I know that in the thread: Registry Collection, you pretty much lambasted me about owning.  That's ok, I'm a big girl, I can take it.  You said, no thanks to pictures.  If you would like to see them, the offer still stands.  PM me with your email address and I will send them.  If not, that's ok too.  We all have our different travel choices and should be supportive of each others.

Regards,
Nancy


----------



## Blondie (Jan 7, 2008)

Hi Nancy- Thanks for the valuable info. It is obviously an amazing place and it sounds like it is perfect for you. Apologies for the lambasting part- not my intent. I have owned timeshares for many years and the one thing I have learned is that life's curcumstances change.
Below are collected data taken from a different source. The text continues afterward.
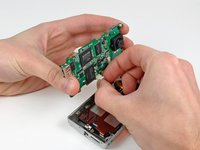 Carefully maneuver the logic board out of the outer case, minding the cables still connecting the two components.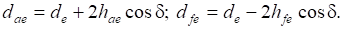 В этом случае диаметр вершин и диаметр впадин зубьев рассчитываются по зависимостям: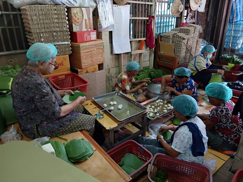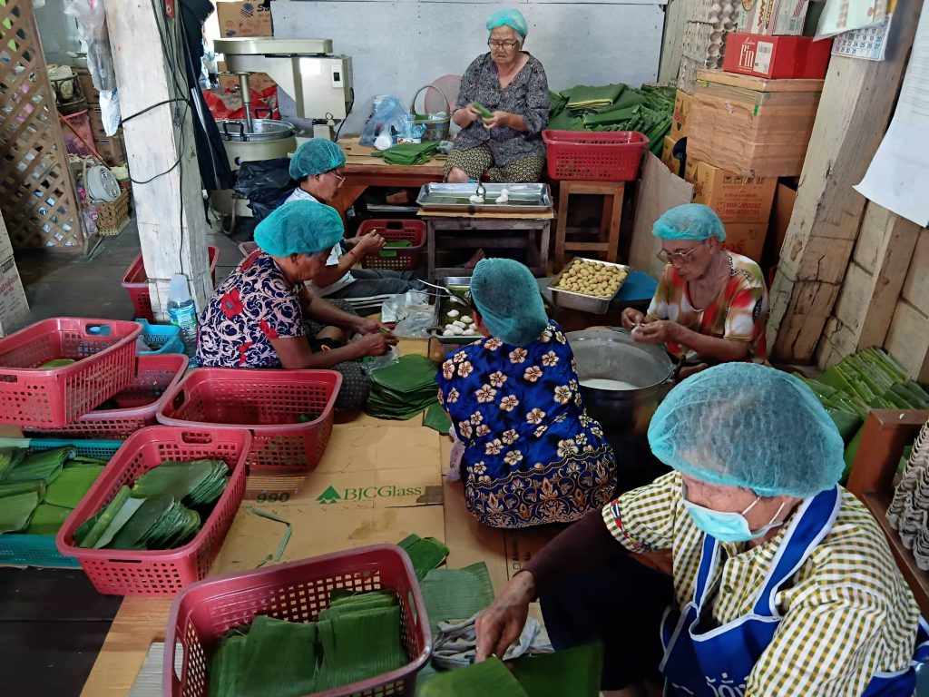 ยายสายทอง อิทนอย อายุ 92 ปี แม่ของพี่น้อยบอกว่า ทำขนมมาตั้งแต่เด็กๆช่วงสมัยสงครามโลกครั้งที่ 2 ช่วงนั้นที่บ้านทำขนมข้าวเต็นนางเล็ด ทหารญี่ปุ่นชอบกินมาก และยังชอบกินน้ำมะพร้าวส่วนเนื้อมะพร้าวไม่กิน ต่อมาก็ทำขนมเทียนจึงห่อเป็นมาตั้งแต่ยังเป็นเด็ก

A resort which was the perfect retreat one year can become passe if our work schedules or kids' schools don't allow us to get there, etc. The poster above was wondering if owners had any comments as he/she could not believe the sales prices out there- too good to be true was her statement. That is because a resort like this will be next to impossible to sell due to the financial constraints and the cost to use a week here. So, if the need to sell arises the owner will probably take a bath. I know you love it and that is what you should feel each time you use your purchase. I am hesitant on the AI because my husband would love to eat all day if he could!! Neither if us is big on the alcohol so we really would not get our money's worth. I could not believe the amenities and restaurants here. I imagine most folks likely pack on a few pounds- I know I would. Still thinking about the Palace resorts but just not sure. Thanks for the info- much appreciated.


----------



## sunshine1 (Jan 8, 2008)

Just a note from someone else who owns here...we purchased here because of the incredible service we enjoy at the El Dorado Seaside. It's smaller, quieter, more casual, and has a far better beach in my humble opinion. But we can go to any of the Karisma resorts, enjoy at least a 30% discount off the AI, and are not bound by any certain week. They also offer certain weeks (mainly in summer months) at a larger discount to members. We are not huge drinkers either, but the food is amazing and service is better. I know there are lots of other fabulous resorts out there, but we like the adults only part. We go to get a break from kids/family. 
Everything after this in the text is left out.